Le papier donne au message une épaisseur que l’écran ne produit pas toujours dans les mêmes conditions. Cela ne tient pas à une supériorité abstraite du print, mais au fait qu’un objet physique engage autrement la perception, la manipulation et parfois la mémorisation du contenu. Puisqu’il est moins systématique, il est souvent davantage travaillé. Quitte à investir dans un document, autant qu’il soit beau, lisible, bien fabriqué et suffisamment solide pour être conservé. Le support imprimé cesse alors d’être un simple outil de circulation.
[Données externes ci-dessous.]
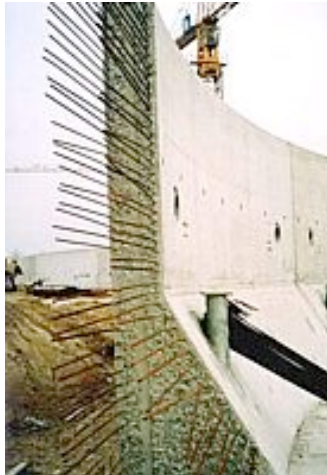
10. Completed wall section with transition piece after stripping of formwork
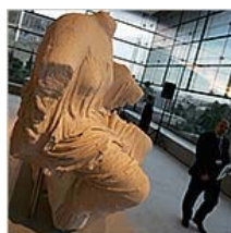
Elgin Marble Argument in a New Light

Il devient un objet éditorial à part entière, capable d’incarner une marque, une gamme, un positionnement ou un savoir-faire. Il ne vaut plus par sa quantité, mais par l’intention qu’il concentre. En ce sens, le print ne survit pas contre le digital. Il retrouve une place à l’intérieur d’un ensemble plus large, où chaque support assume une fonction plus précise.

Ce repositionnement n’exclut d’ailleurs plus totalement la mesure. QR codes, URL dédiées et UTM personnalisés permettent désormais de rattacher certains usages du print à des données de trafic ou d’interaction. Le support imprimé ne devient pas un levier analytique au même titre qu’une campagne purement numérique, mais il ne circule plus forcément sans laisser de trace. Là encore, le changement est important : le papier n’échappe plus complètement aux exigences contemporaines de pilotage et de retour observable.

Le print n’a pas disparu du paysage. Il a perdu son statut d’évidence, pas sa légitimité. Dans un monde presque totalement digitalisé, il conserve une place, mais une place plus étroite, plus sélective et plus exigeante. La réponse est donc oui, à condition de ne plus l’envisager comme un automatisme. Le papier reste pertinent dès lors qu’il n’essaie plus de concurrencer le digital sur la disponibilité, l’exhaustivité ou la mise à jour, mais qu’il assume ce qu’il fait encore de manière singulière : cadrer un propos, incarner une marque, stabiliser un contenu et donner plus de consistance à la relation. Il n’occupe plus le centre du jeu, mais il continue d’exister là où sa présence a encore une fonction claire.